WHAT TO DO:
Return the stretch from the line with "在五子棋對弈區,同學們兩兩對" through the line with "Bebek olduktan sonra" in the data below, character for character, skipping all pictures.

THE DATA:
::::

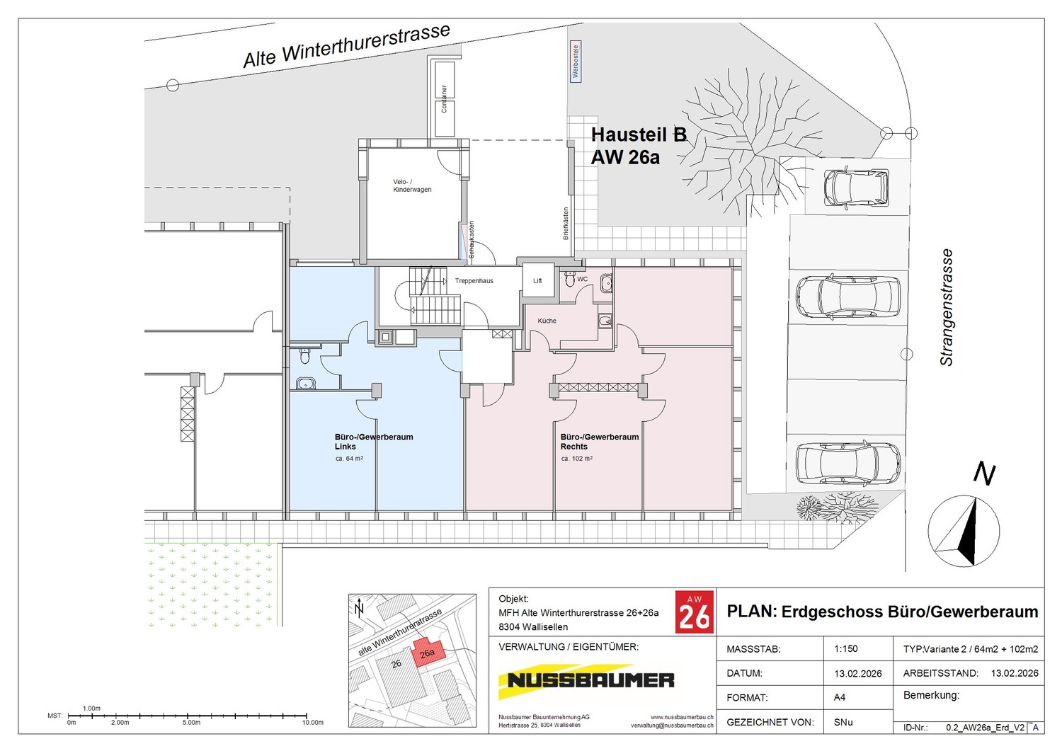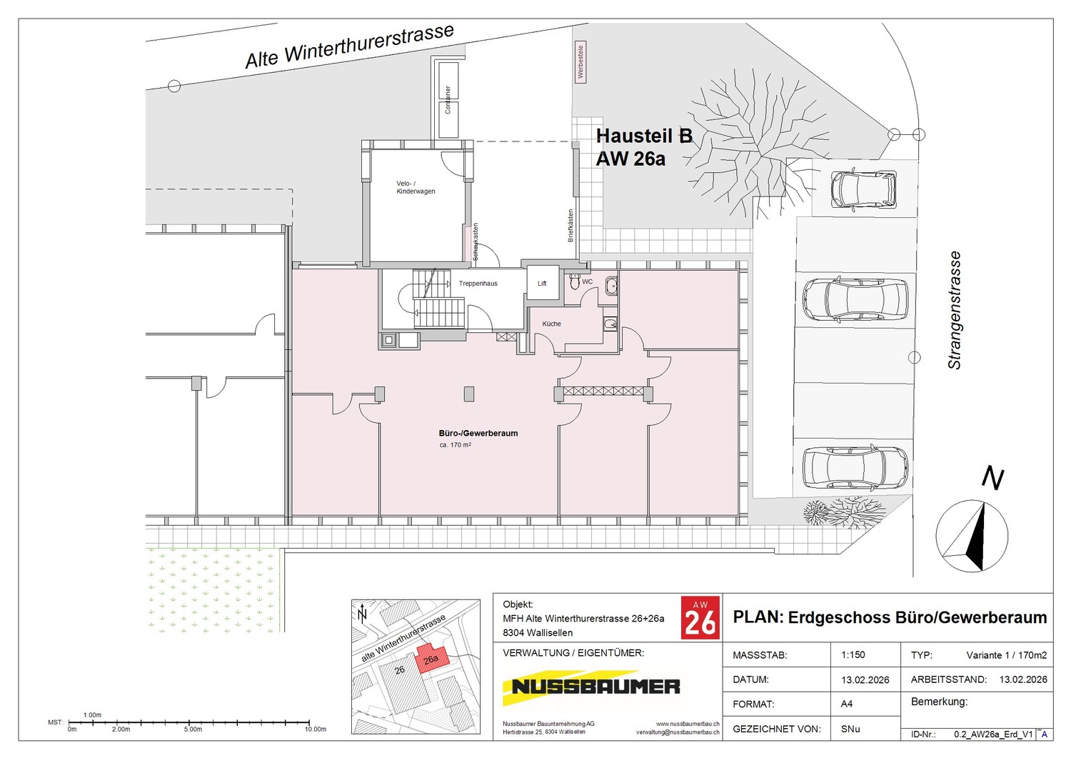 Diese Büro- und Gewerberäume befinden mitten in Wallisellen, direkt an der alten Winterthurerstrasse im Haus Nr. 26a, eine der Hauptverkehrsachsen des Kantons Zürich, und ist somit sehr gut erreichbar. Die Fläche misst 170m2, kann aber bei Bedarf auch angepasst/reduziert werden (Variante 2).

::::

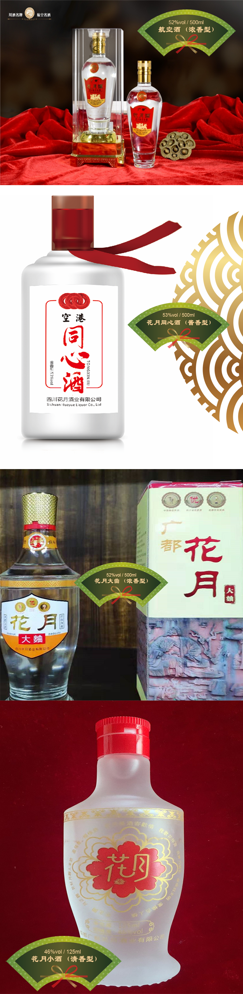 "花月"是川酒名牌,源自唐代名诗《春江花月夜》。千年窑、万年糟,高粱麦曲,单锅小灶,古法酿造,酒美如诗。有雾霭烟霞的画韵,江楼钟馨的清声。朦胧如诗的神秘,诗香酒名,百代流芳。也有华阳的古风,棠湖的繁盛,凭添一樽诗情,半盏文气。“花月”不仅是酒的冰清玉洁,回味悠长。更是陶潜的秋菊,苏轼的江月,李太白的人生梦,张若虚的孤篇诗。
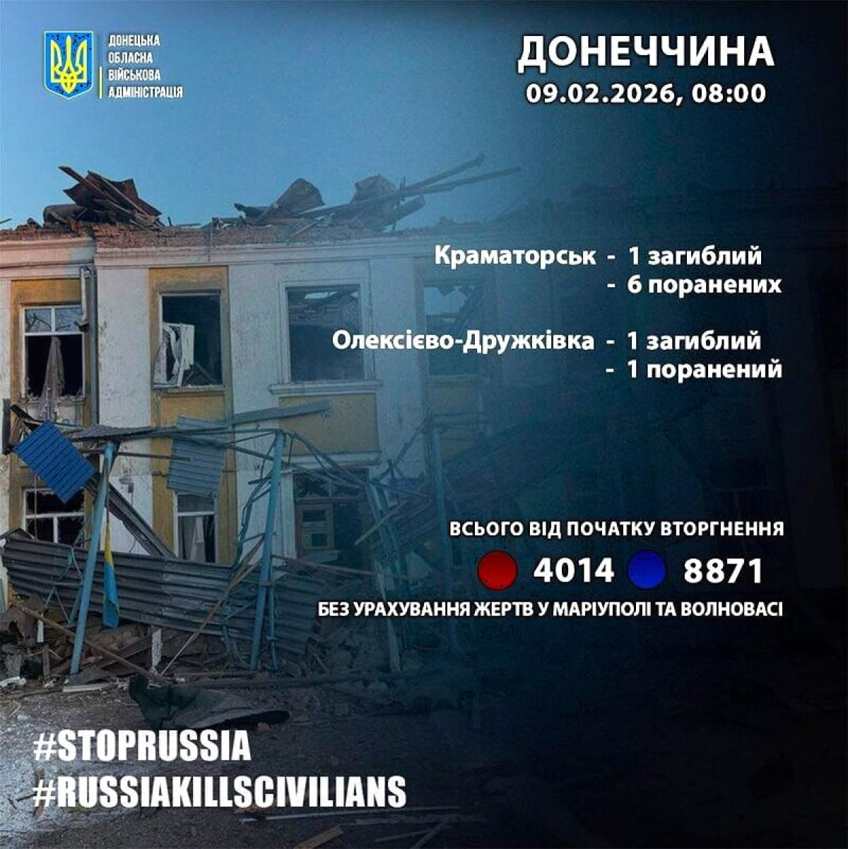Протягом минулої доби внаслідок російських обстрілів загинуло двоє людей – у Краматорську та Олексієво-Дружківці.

::::

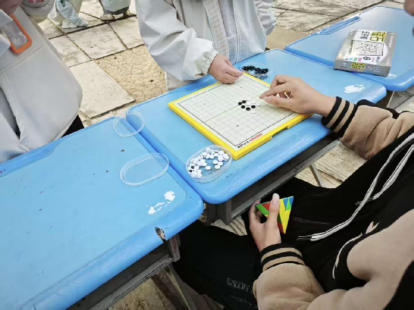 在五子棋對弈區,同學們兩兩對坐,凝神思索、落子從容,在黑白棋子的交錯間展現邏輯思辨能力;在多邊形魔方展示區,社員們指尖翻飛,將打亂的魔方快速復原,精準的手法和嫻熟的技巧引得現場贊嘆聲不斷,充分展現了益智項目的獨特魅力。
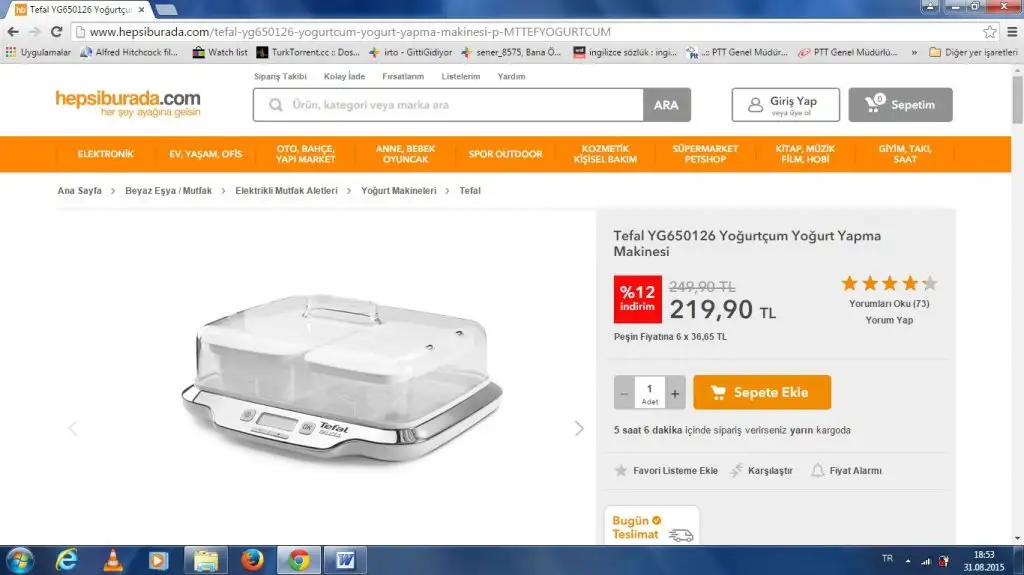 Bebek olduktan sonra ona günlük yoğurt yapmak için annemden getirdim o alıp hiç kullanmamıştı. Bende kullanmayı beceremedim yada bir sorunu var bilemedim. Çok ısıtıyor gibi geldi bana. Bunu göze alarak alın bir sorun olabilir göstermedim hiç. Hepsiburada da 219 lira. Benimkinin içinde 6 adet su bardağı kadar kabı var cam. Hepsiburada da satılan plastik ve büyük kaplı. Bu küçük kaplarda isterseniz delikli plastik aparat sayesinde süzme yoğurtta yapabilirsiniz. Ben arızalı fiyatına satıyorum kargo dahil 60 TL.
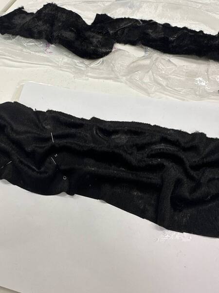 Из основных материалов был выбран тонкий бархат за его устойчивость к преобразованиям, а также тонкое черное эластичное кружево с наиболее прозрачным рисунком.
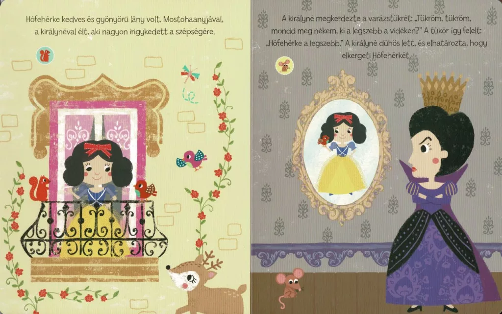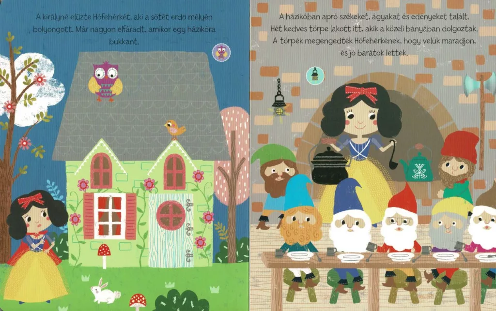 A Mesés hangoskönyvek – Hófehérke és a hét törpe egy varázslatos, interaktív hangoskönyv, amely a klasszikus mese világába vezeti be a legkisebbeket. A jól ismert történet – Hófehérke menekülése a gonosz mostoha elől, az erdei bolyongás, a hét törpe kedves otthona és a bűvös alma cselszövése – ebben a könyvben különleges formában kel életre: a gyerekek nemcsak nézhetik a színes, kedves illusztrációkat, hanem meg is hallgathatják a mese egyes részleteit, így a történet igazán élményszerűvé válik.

::::

SOLVED PROBLEM:
 在五子棋對弈區,同學們兩兩對坐,凝神思索、落子從容,在黑白棋子的交錯間展現邏輯思辨能力;在多邊形魔方展示區,社員們指尖翻飛,將打亂的魔方快速復原,精準的手法和嫻熟的技巧引得現場贊嘆聲不斷,充分展現了益智項目的獨特魅力。
 Bebek olduktan sonra ona günlük yoğurt yapmak için annemden getirdim o alıp hiç kullanmamıştı. Bende kullanmayı beceremedim yada bir sorunu var bilemedim. Çok ısıtıyor gibi geldi bana. Bunu göze alarak alın bir sorun olabilir göstermedim hiç. Hepsiburada da 219 lira. Benimkinin içinde 6 adet su bardağı kadar kabı var cam. Hepsiburada da satılan plastik ve büyük kaplı. Bu küçük kaplarda isterseniz delikli plastik aparat sayesinde süzme yoğurtta yapabilirsiniz. Ben arızalı fiyatına satıyorum kargo dahil 60 TL.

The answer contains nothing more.